[lld] [lld-macho] Fix branch extension thunk estimation logic (PR #120529)

Tue Jan 7 15:15:23 PST 2025

================
@@ -184,15 +184,45 @@ uint64_t TextOutputSection::estimateStubsInRangeVA(size_t callIdx) const {
     InputSection *isec = inputs[i];
     isecEnd = alignToPowerOf2(isecEnd, isec->align) + isec->getSize();
   }
+
+  // Tally up any thunks that have already been placed that have VA higher than
+  // inputs[callIdx]. First, find the index of the first thunk that is beyond
+  // the current inputs[callIdx].
+  auto itPostcallIdxThunks =
+      llvm::partition_point(thunks, [isecVA](const ConcatInputSection *t) {
+        return t->getVA() <= isecVA;
+      });
+  uint64_t existingForwardThunks = thunks.end() - itPostcallIdxThunks;
+
----------------
drodriguez wrote:

I did not have an intuition for the total number of entries in `thunkMap`. If we are talking about 100k or those numbers, doing only  ~16 comparisons is probably going to always be quicker.

My comment about double counting is because of the name `maxPotentialThunks` and the way `thunkMap` seems to be copied progressively into `thunks`, but never cleaned up.

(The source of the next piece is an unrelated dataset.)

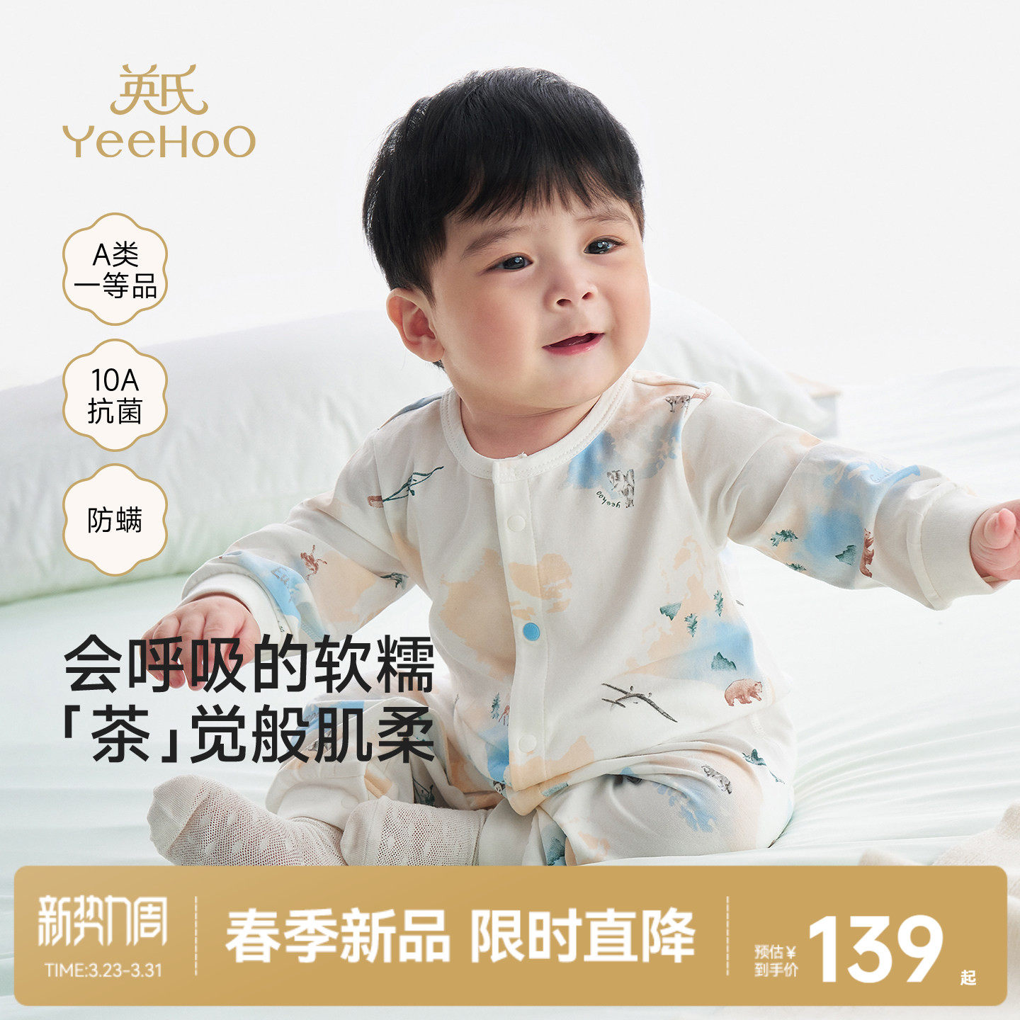 [小茶柔]英氏婴儿春季连体衣10A抗菌宝宝莫代尔哈衣新生衣服爬服

I don't pretend to understand the flow of the code (it is difficult to figure out what's going on and how things will happen during runtime), but the name `maxPotentialThunks` might not be the best if it was undercounting (originally). IIUC the code calls `estimateStubsInRangeVA` only once during `finalize` (which I think only happens once). At the point `estimateStubsInRangeVA` is called, part of `thunkMap` has already been pushed into `thunks`. The more we overcount, the higher `stubsInRangeVA` will be, and it might be that we are creating thunks for the end of the text section when a simple jump will had be enough. I don't know how bad is that size increase in the final binary when we are overcounting. It seems to me that we were undercounting when `ti.callSitesUsed == ti.callSiteCount` (I imagine `callSitesUsed` cannot be higher than `callSiteCount`). It might be possible to have a better estimation during the `thunksMap` processing, for example changing the `if (ti.isec->getVA() <= isecVA)` I was proposing above to `else if (ti.isec->getVA() <= isecVA)` (which I think was when the original code was undercounting).

Again, it is complicated code, I probably don't understand it correctly, and there's a couple of things that might make overcounting not as important of not undercounting. Feel free to ignore my feedback.


https://github.com/llvm/llvm-project/pull/120529